Given information:
• • • •

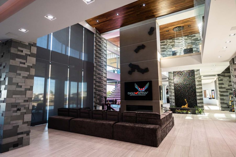 The Harris Residence is a high-end, production home located in the heart of a gated Henderson community. This home leverages the best in class security and surveillance options designed with privacy and protection in mind. While this residence doesn’t include all of Eagle Sentry’s solutions, it does feature a robust Savant controlled home theater optimized for entertaining.
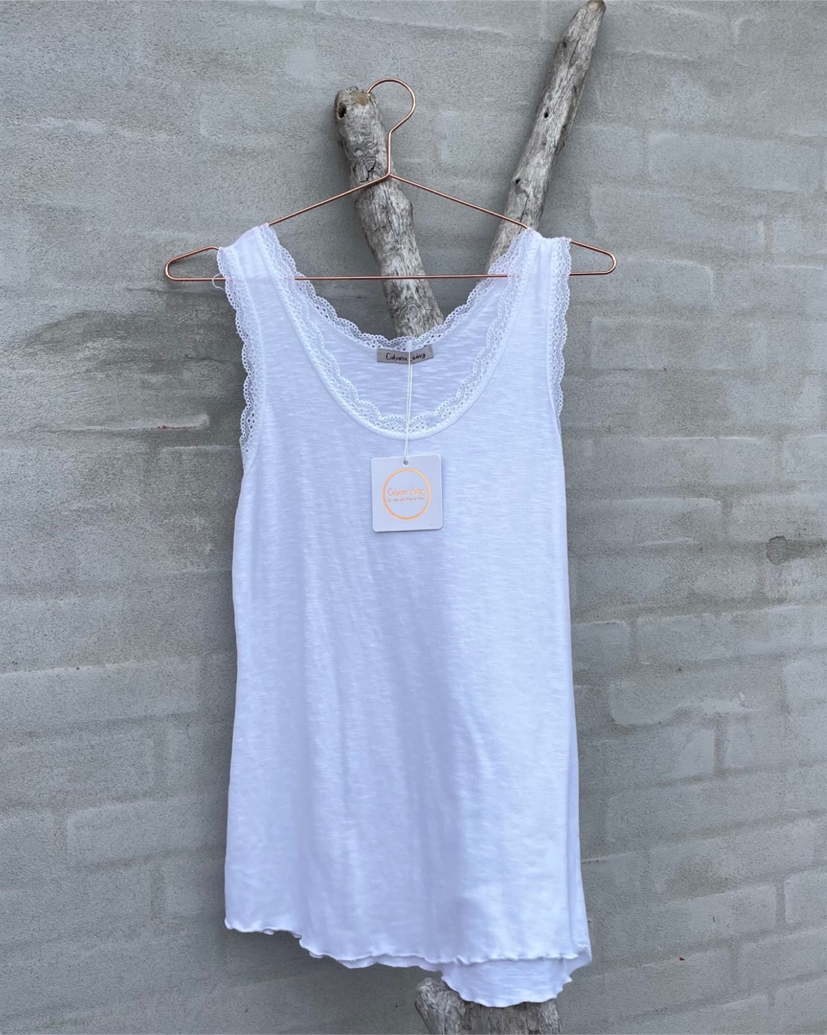Feminin rib top fra Cabana Living med blonde kant rundt i halsudskæringen samt rundt i ærmegab.
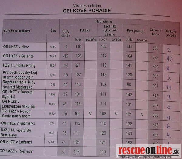 MVSR |MM| Víťazmi VI. ročníka Majstrovstiev SR vo vyslobodzovaní zranených osôb z havarovaných vozidiel sa stali hasiči z Okresného riaditeľstva HaZZ v Lučenci so ziskom 390 bodov, na 2. mieste sa umiestnilo súťažné družstvo z Okresného riaditeľstva HaZZ v Nitre so ziskom 386 bodov a na 3. mieste súťažné družstvo z Hasičského a záchranného útvaru hlavného mesta SR Bratislavy so ziskom 356 bodov.
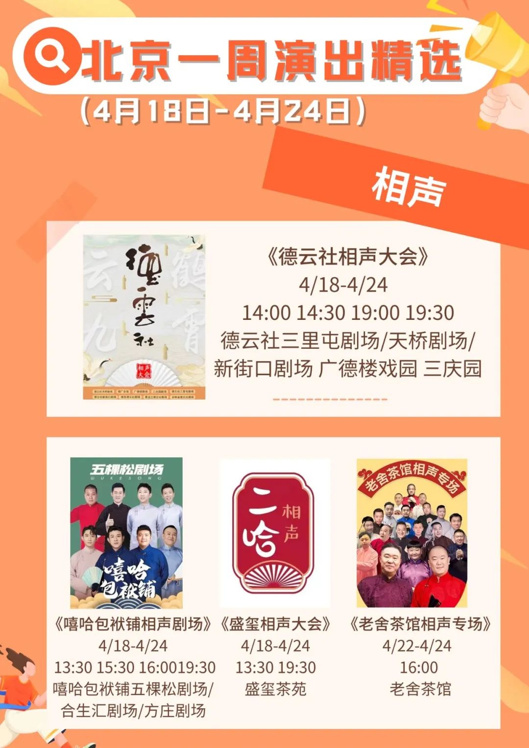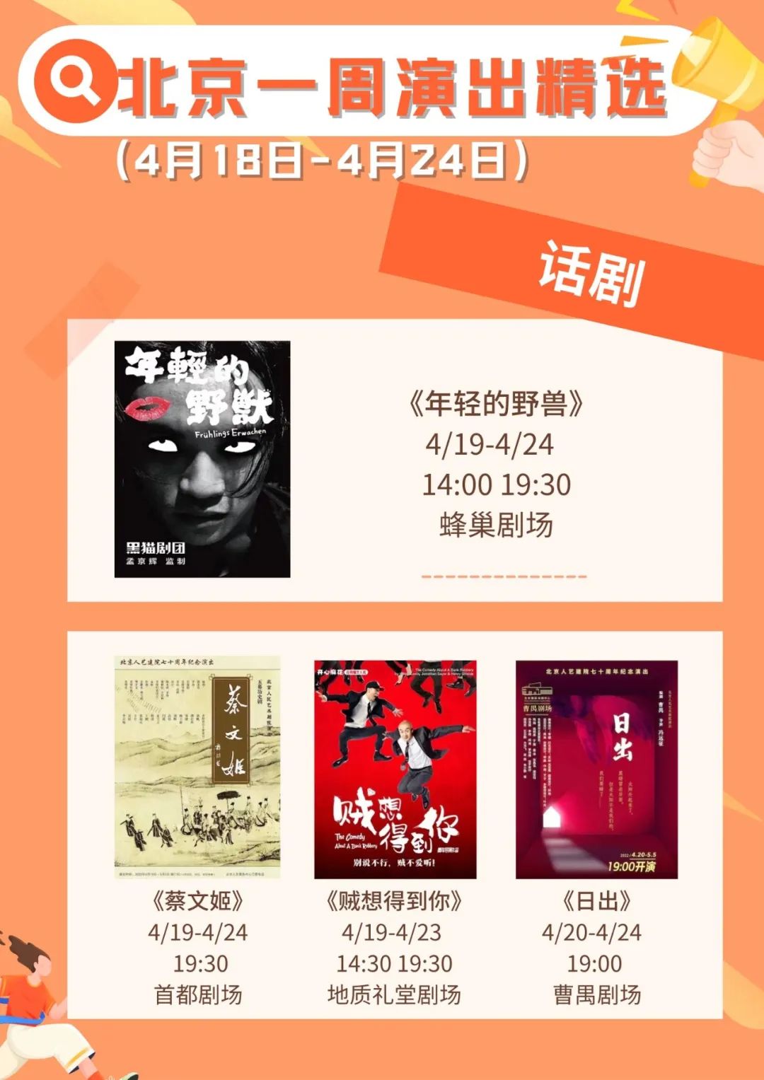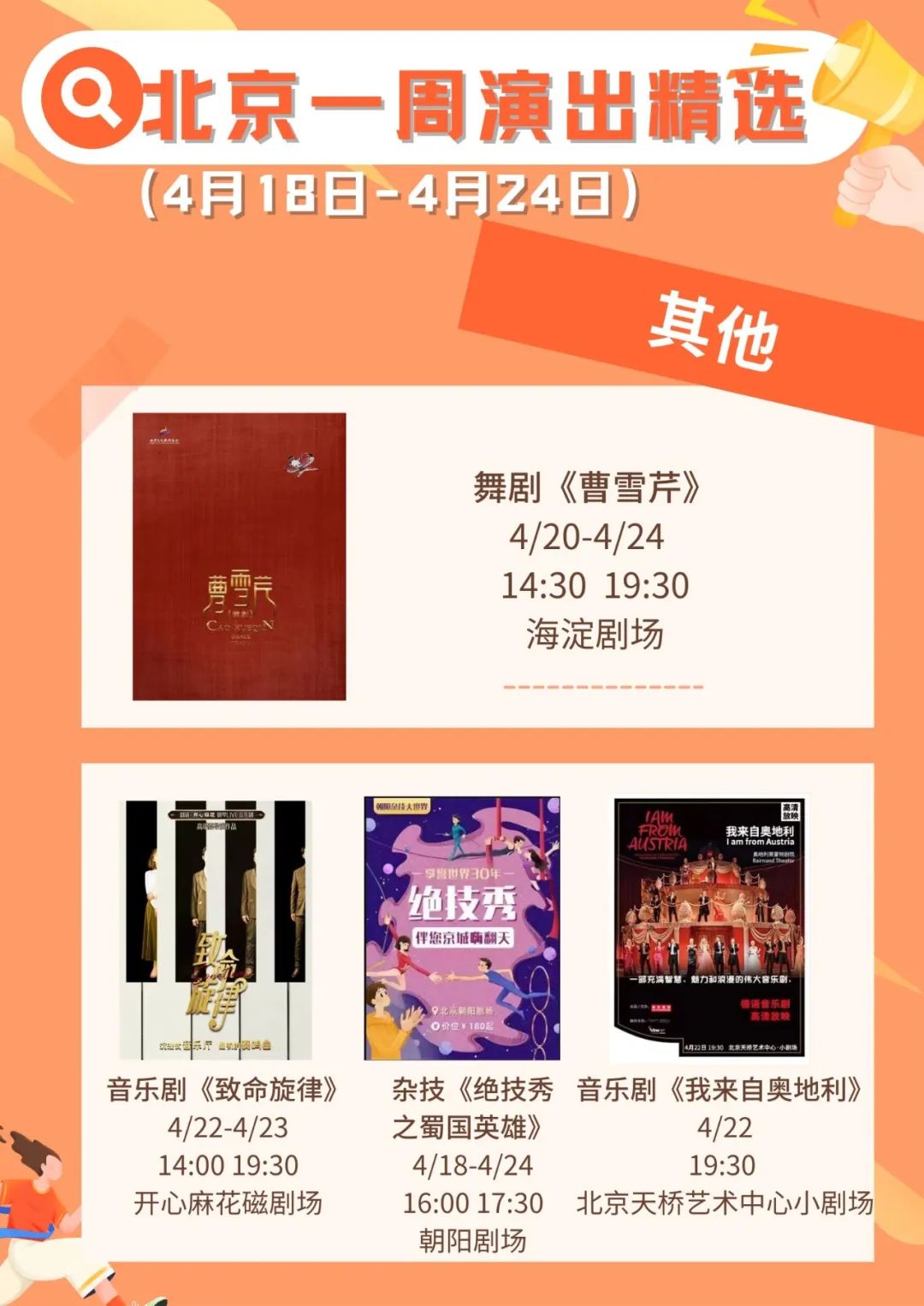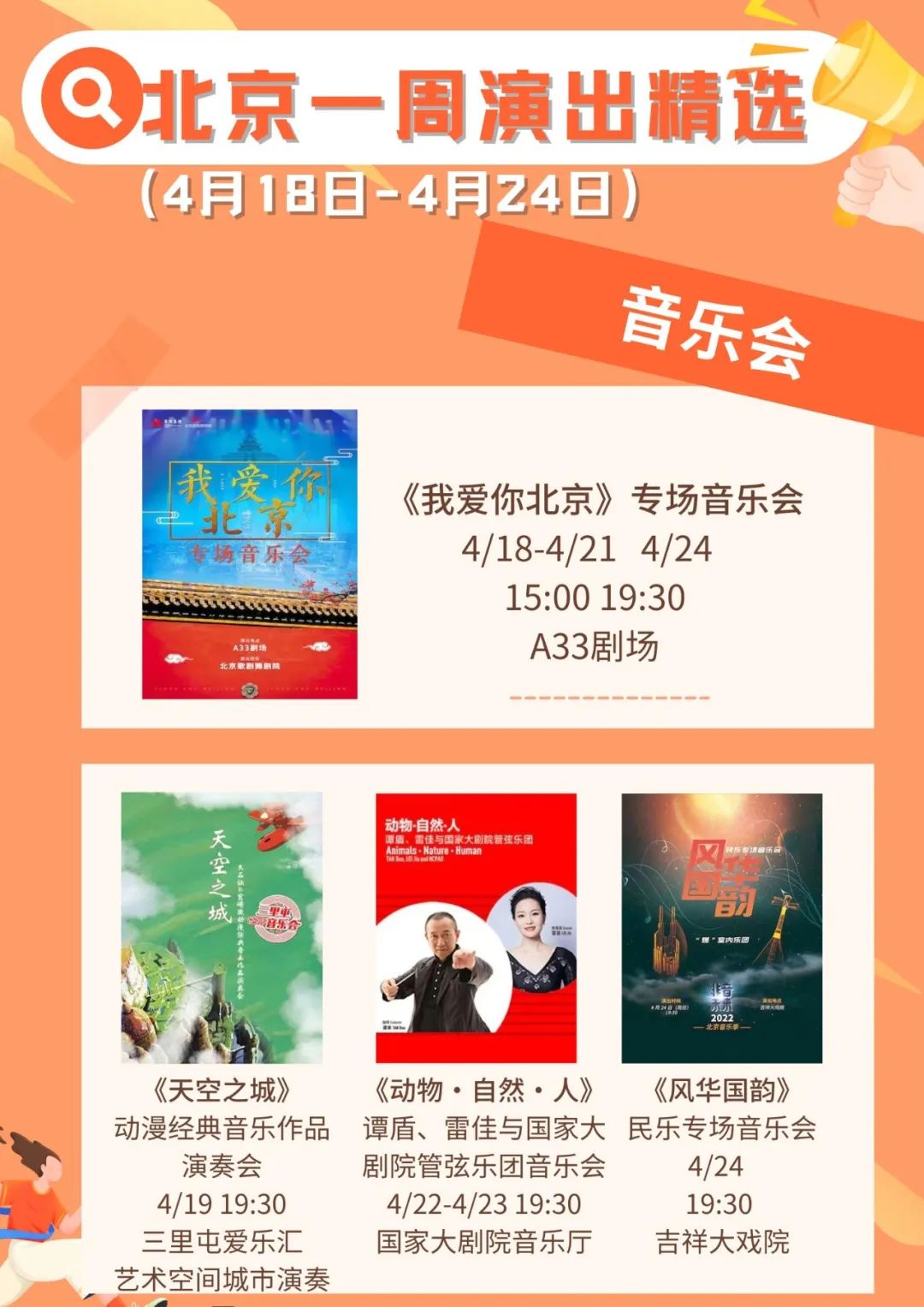 Tips:具体演出信息请在观演前咨询各演出机构。疫情防控期间仍需注意个人防护,观看演出时请全程佩戴口罩。

• • • •

Required work: Return the whole listing word for word, minus its pictures.

Exercise result:
 The Harris Residence is a high-end, production home located in the heart of a gated Henderson community. This home leverages the best in class security and surveillance options designed with privacy and protection in mind. While this residence doesn’t include all of Eagle Sentry’s solutions, it does feature a robust Savant controlled home theater optimized for entertaining.
Feminin rib top fra Cabana Living med blonde kant rundt i halsudskæringen samt rundt i ærmegab.
 MVSR |MM| Víťazmi VI. ročníka Majstrovstiev SR vo vyslobodzovaní zranených osôb z havarovaných vozidiel sa stali hasiči z Okresného riaditeľstva HaZZ v Lučenci so ziskom 390 bodov, na 2. mieste sa umiestnilo súťažné družstvo z Okresného riaditeľstva HaZZ v Nitre so ziskom 386 bodov a na 3. mieste súťažné družstvo z Hasičského a záchranného útvaru hlavného mesta SR Bratislavy so ziskom 356 bodov.
 Tips:具体演出信息请在观演前咨询各演出机构。疫情防控期间仍需注意个人防护,观看演出时请全程佩戴口罩。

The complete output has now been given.